• _WHAT TO WORK ON_: The answer must be an exact copy of the lines from the one with "fill in the" to the last line of the entries below, both included, and must contain no pictures.

• _Dataset records_:
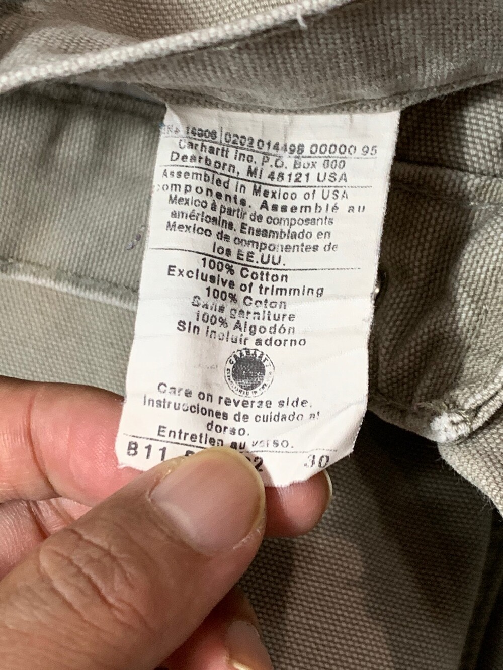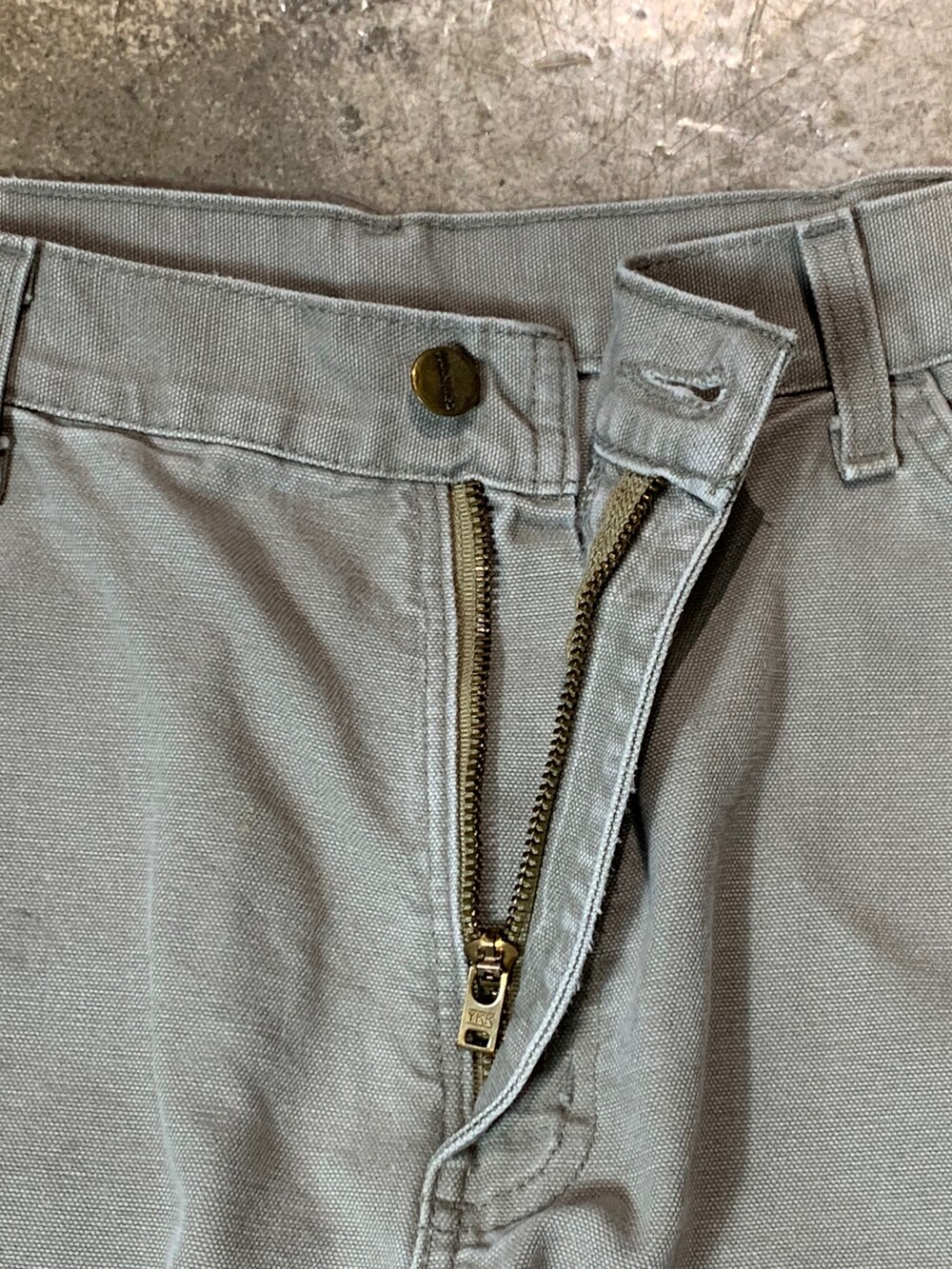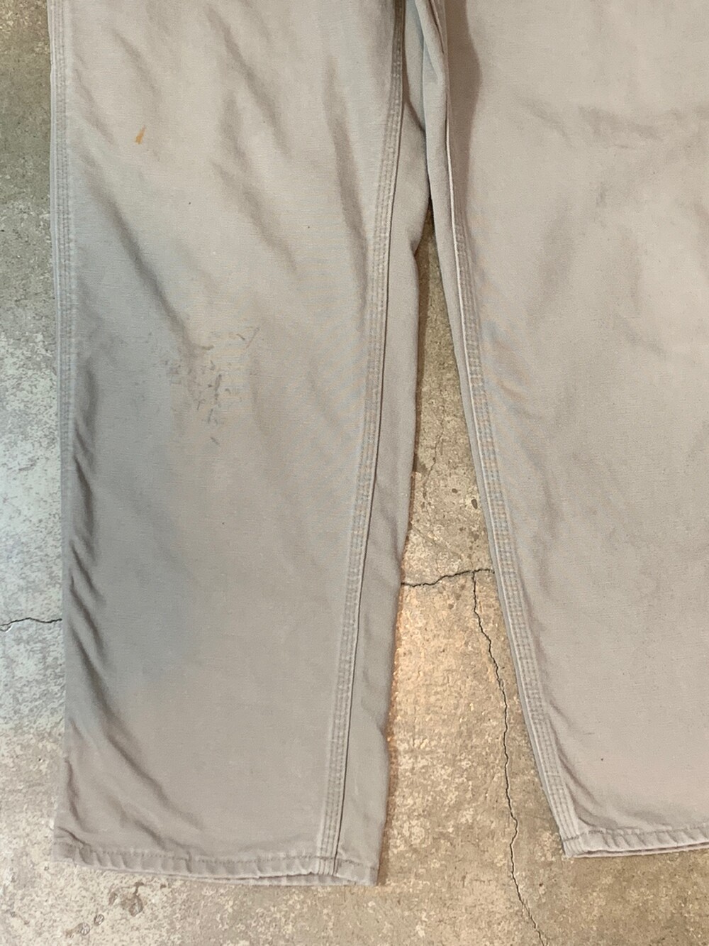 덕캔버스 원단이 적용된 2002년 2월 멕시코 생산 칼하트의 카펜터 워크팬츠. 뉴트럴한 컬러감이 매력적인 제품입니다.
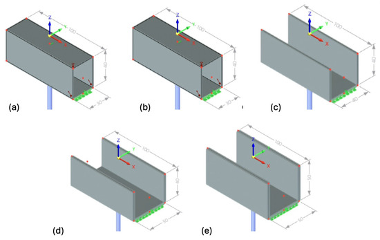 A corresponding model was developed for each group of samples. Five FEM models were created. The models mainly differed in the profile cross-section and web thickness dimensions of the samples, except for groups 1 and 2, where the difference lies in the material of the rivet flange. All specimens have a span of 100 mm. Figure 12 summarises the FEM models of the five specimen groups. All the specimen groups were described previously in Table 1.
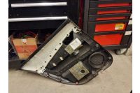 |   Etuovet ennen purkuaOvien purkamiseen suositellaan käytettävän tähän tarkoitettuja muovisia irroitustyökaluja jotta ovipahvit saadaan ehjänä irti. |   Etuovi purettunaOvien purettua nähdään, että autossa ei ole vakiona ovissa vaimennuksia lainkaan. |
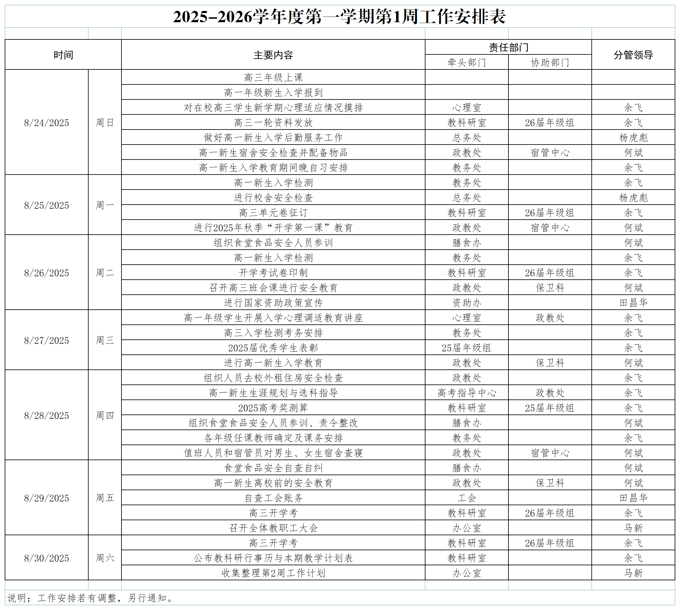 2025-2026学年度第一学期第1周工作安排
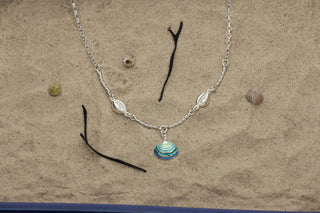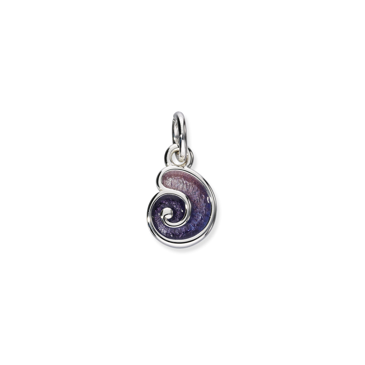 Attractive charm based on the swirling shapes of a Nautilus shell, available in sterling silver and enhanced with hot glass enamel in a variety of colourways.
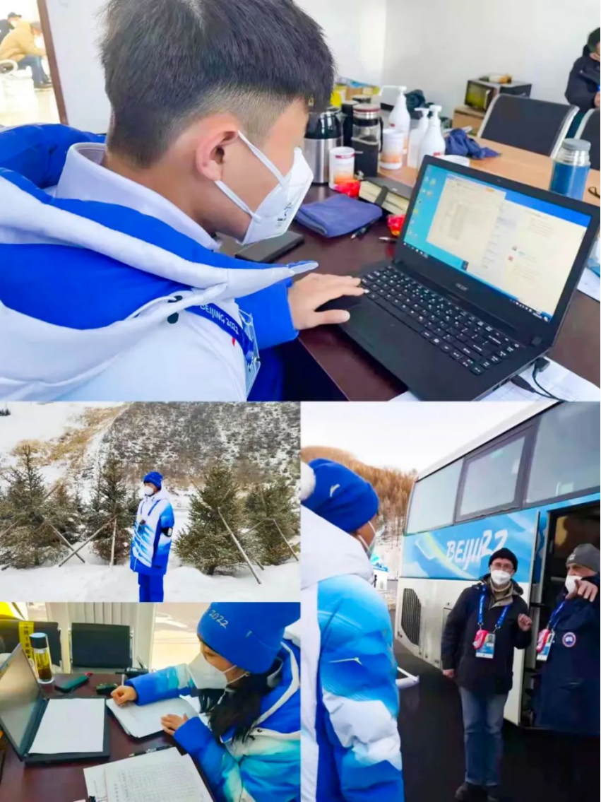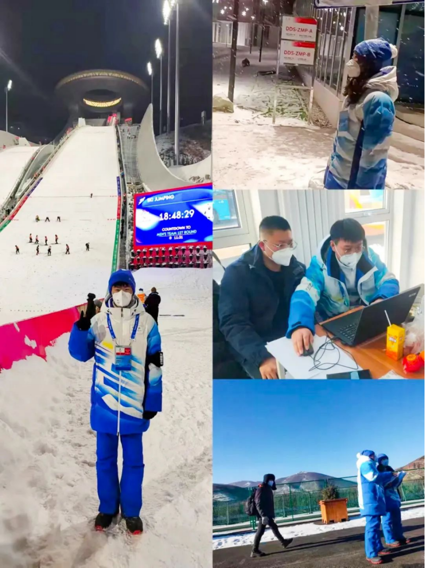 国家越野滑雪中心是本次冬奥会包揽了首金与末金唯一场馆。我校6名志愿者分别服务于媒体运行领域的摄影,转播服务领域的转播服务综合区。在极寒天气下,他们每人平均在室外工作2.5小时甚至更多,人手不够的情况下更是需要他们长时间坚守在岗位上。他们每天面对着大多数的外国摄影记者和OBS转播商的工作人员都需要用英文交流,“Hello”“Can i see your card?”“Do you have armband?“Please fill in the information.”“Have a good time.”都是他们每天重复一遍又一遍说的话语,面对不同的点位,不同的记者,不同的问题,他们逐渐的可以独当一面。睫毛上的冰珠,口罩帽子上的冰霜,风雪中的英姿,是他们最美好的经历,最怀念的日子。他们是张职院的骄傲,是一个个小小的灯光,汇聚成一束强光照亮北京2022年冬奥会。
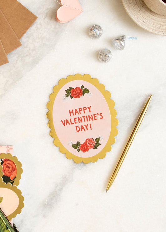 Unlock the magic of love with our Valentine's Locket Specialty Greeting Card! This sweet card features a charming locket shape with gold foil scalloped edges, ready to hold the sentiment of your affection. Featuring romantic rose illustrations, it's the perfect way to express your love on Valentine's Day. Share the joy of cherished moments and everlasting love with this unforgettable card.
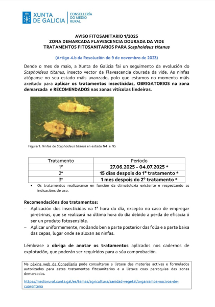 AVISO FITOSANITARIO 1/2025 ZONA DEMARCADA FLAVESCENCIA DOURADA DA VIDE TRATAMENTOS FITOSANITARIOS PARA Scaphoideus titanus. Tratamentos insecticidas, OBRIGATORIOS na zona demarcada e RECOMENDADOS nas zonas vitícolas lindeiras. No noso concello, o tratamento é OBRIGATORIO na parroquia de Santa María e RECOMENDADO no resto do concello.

• _RESPONSE BELOW_:
 国家越野滑雪中心是本次冬奥会包揽了首金与末金唯一场馆。我校6名志愿者分别服务于媒体运行领域的摄影,转播服务领域的转播服务综合区。在极寒天气下,他们每人平均在室外工作2.5小时甚至更多,人手不够的情况下更是需要他们长时间坚守在岗位上。他们每天面对着大多数的外国摄影记者和OBS转播商的工作人员都需要用英文交流,“Hello”“Can i see your card?”“Do you have armband?“Please fill in the information.”“Have a good time.”都是他们每天重复一遍又一遍说的话语,面对不同的点位,不同的记者,不同的问题,他们逐渐的可以独当一面。睫毛上的冰珠,口罩帽子上的冰霜,风雪中的英姿,是他们最美好的经历,最怀念的日子。他们是张职院的骄傲,是一个个小小的灯光,汇聚成一束强光照亮北京2022年冬奥会。
 Unlock the magic of love with our Valentine's Locket Specialty Greeting Card! This sweet card features a charming locket shape with gold foil scalloped edges, ready to hold the sentiment of your affection. Featuring romantic rose illustrations, it's the perfect way to express your love on Valentine's Day. Share the joy of cherished moments and everlasting love with this unforgettable card.
 AVISO FITOSANITARIO 1/2025 ZONA DEMARCADA FLAVESCENCIA DOURADA DA VIDE TRATAMENTOS FITOSANITARIOS PARA Scaphoideus titanus. Tratamentos insecticidas, OBRIGATORIOS na zona demarcada e RECOMENDADOS nas zonas vitícolas lindeiras. No noso concello, o tratamento é OBRIGATORIO na parroquia de Santa María e RECOMENDADO no resto do concello.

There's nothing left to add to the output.